You are viewing a plain text version of this content. The canonical link for it is here.
Posted to dev@nifi.apache.org by Bryan Bende <bb...@gmail.com> on 2017/11/01 14:34:51 UTC

Re: FetchSFTP vs GetSFTP

The list-fetch approach sounds correct, and the micro acquisition
cluster (if necessary) also sounds like a good idea.

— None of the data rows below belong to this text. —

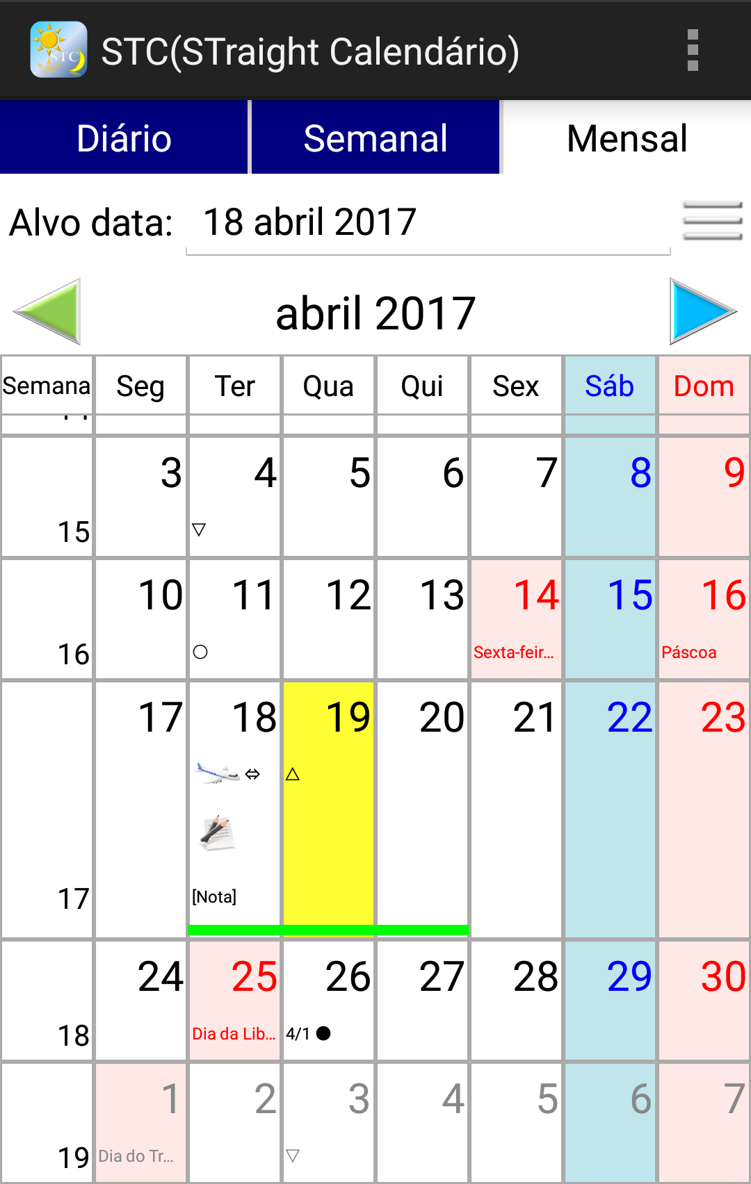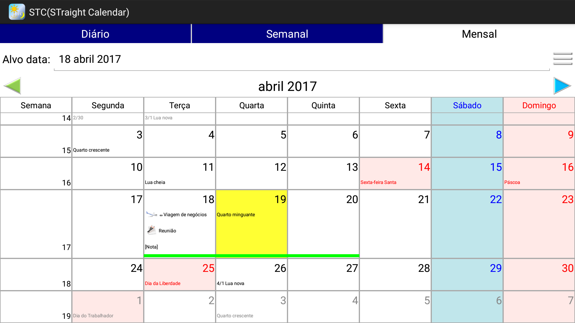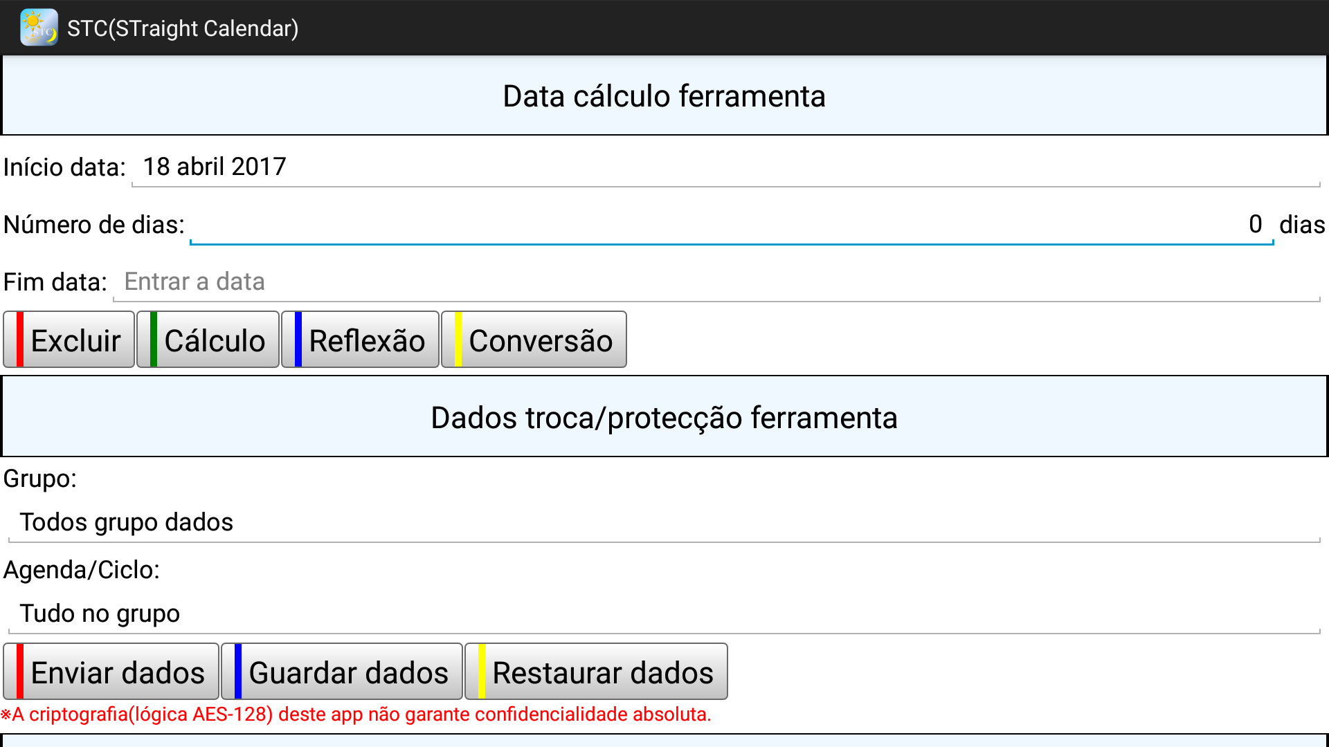 - Exibição de férias do Portugal, Estados Unidos, Canadá, Reino Unido, França, Alemanha, Itália, Japão, Espanha. ( ex) Em Portugal : Ano Novo, Entrudo, Sexta-feira Santa ... etc. Ele suporta o feriado de todos os distritos do país correspondente. E sequencialmente, continuar a adicionar o país / região correspondente.) - Exibição do calendário lunisolar e Lunação. - Também pode exibir vários eventos. (Feriados Cristãos(Páscoa, Pentecostes, Assunção de Maria ... etc.), Feriados Judaicos(Páscoa Judaica, Chanucá, Purim ... etc.), Feriados islâmicos(Muharram, Ramadão, Eid al-Adha ... etc.), Horãrio de Verão data de início/término ... etc.) - Pode converter-se ao calendário Judaico/Hijri.(calendário hebraico e islâmico.) - Corresponde ao widget. (Exibe o calendário diário.) - No calendário semanal, mensal, pode especificar topo com o qualquer dia da semana. (Segunda-feira, é claro, também é possível terças e sábados começo.) - Ele pode gerenciar agenda apenas com um smartphone, e pode ser usado off-line. - Ele pode trocar agendas em um grupo usando a nuvem e o e-mail. (Só é compatível com o Android atualmente.) - No caso de guardar e trocar o agendas, ele pode trancar com uma senha(AES 128 bit). - Ele pode utilizar a agenda do Calendário Google.(No entanto, Over ver4.0) - Ele pode registrar o agendas em vários métodos de especificação. ("Todas as terças-feiras, exceto feriados", "Segunda terça-feira".) - Ele pode facilmente registrar uma agendas. (1.Toque no destino data/hora. 2.Introduza uma agenda. 3.Toque no "Adição". Complete!) - Ele pode prever o ciclo e gerenciar o desempenho. (Por exemplo, a previsão de 29 dias ciclo e registro de desempenho. Também, ele pode ser usado na gestão da saúde das mulheres.) - Agendas pode ser exibida a imagem de um favorito como um ícone. - No caso de agendas consecutivos, não é exibido um por um, Ele pode exibir com uma banda em um caroço. - A cor da banda pode ser selecionada entre 12 cores e a classificação de cores é possível para cada tipo, como família. - No caso do agendas dos dias consecutivos (como 21:00 - 6:00 na manhã seguinte), Ele pode facilmente configurar. - Ele pode ajustar a diferença de tempo da agenda de acordo com a data e hora especificadas. (Cálculo automático pela mudança de fuso horário ex) Tóquio 10:00 ⇒ Nova Iorque 20:00 (O dia anterior)) - Diário e Nota(pode ser usado como um ToDo) inclui. - Função de alarme e snooze inclui. (Ele pode definir o tempo de despertar em consideração do dia da semana e feriados.) - Ele exibe como usar na \"Guia\". (Para exibir os religiosos feriados, como Cristãos feriados?, Para exibir o oculto calendário?, Para adicionar um aniversário?, Para alterar os países/regiões do alvo de exibição?, Para adicionar um snooze alarme?, Para especificar um ícone na agenda/ciclo?, Para ocultar a agenda/ciclo de usuários? etc.) [Disclaimer] - O Desenvolvedor não é responsável por quaisquer danos ou perdas de qualquer tipo causados pela instalação, uso ou uso indevido deste aplicativo. - A criptografia(lógica AES-128) deste app não garante confidencialidade absoluta. - Ao usar a imagem, observe a lei de direitos autorais. - Por favor, Use este calendário como referência. - Por favor, confirme o calendário oficial ao seu governo, conforme necessário. [Marcas registradas] - "Calendário Google" é uma marca comercial ou marca comercial registrada da Google Inc.
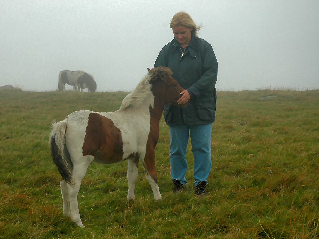 Dartmoor-Ponies im Nebel
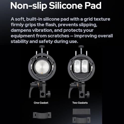 - [Non-slip Silicone Pad] A soft, built-in silicone pad with a grid texture firmly grips the flash, prevents slipping, dampens vibration, and protects your equipment from scratches-improving overall stability and safety during use.

Regarding multiple hosts, the connection pooling in FetchSFTP does
account for that. Its basically a map from the hostname string to a
holder of connections for that hostname.

-Bryan

On Tue, Oct 31, 2017 at 7:55 PM, Ryan Ward <ry...@gmail.com> wrote:
> Yep that's exactly how I have it set up with a push to RPG. Is that
> preferred? I just started playing with it to be honest. I can see how it
> could be tricky if you have to pull from multiple servers each flow file
> could potentially have a different sftp host address in the queues.
>
> All together we have to pull from about 60 servers. If this doesn't work
> out with the list/fetch  I plan to have a micro acquisition cluster just
> for gets.
>
> Ryan
>
> On Oct 31, 2017 4:26 PM, "Bryan Bende" <bb...@gmail.com> wrote:
>
>> Ryan,
>>
>> The 10 seconds appears to be a hard-code rule in the processor,
>> although it seems like it could be turned into a configurable
>> property.
>>
>> It would require a code change to make it grab a batch of flow files
>> during a single execution. In theory it shouldn't provide that much of
>> a difference, but might be an interesting experiment. It makes the
>> code more challenging to write though, not that that's a reason not to
>> do it.
>>
>> If you have a 5 node cluster, you are doing List on primary node and
>> then redistributing the results to all the nodes via an RPG so all
>> nodes can fetch?
>>
>> -Bryan
>>
>>
>> On Tue, Oct 31, 2017 at 3:43 PM, Ryan Ward <ry...@gmail.com> wrote:
>> > Joe/Bryan Thanks!
>> >
>> > I believe the one specific file per concurrent task/connection (and too
>> > many threads) is the issue I have we have a lot of small files and often
>> > times backed up . I'm going to drop the task count to take advantage of
>> the
>> > pooling. Is it possible to have Fetch do batches vs a single file? Would
>> > that improve throughput? Also is that 10 seconds configurable?
>> >
>> > Some background: I'm converting 2 single nodes into a 5 node cluster and
>> > trying to figure out the best approach.
>> >
>> > Thanks again!
>> >
>> >
>> >
>> > On Tue, Oct 31, 2017 at 2:56 PM, Bryan Bende <bb...@gmail.com> wrote:
>> >
>> >> Ryan,
>> >>
>> >> Personally I don't have experience running these processors at scale,
>> >> but from a code perspective they are fundamentally different...
>> >>
>> >> GetSFTP is a source processor, meaning is not being fed by an upstream
>> >> connection, so when it executes it can create a connection and
>> >> retrieve up to max-selects during that one execution.
>> >>
>> >> FetchSFTP is being told to fetch one specific file, typically through
>> >> attributes on incoming flow files, so the concept of max-selects
>> >> doesn't really apply because there is only thing to select during an
>> >> execution of the processor.
>> >>
>> >> FetchSFTP does employ connection pooling behind the scenes such that
>> >> it will keep open a connection for each concurrent task, as long as
>> >> each connection continues to be used with in 10 seconds.
>> >>
>> >> -Bryan
>> >>
>> >>
>> >> On Tue, Oct 31, 2017 at 11:43 AM, Joe Witt <jo...@gmail.com> wrote:
>> >> > Ryan - dont know the code specifics behind FetchSFTP off-hand but i
>> >> > can confirm there are users at that range for it.
>> >> >
>> >> > Thanks
>> >> >
>> >> > On Tue, Oct 31, 2017 at 11:38 AM, Ryan Ward <ry...@gmail.com>
>> >> wrote:
>> >> >> I've found that on a single node getSFTP is able to pull more files
>> off
>> >> a
>> >> >> remote server than Fetch in a cluster. I noticed Fetch doesn't have a
>> >> max
>> >> >> selects so it is requiring way more connections (one per file?) and
>> >> >> concurrent threads to keep up.
>> >> >>
>> >> >> Was wondering if anyone is using List/Fetch at scale? In the multi
>> TB's
>> >> a
>> >> >> day range?
>> >> >>
>> >> >> Thanks,
>> >> >> Ryan
>> >>
>>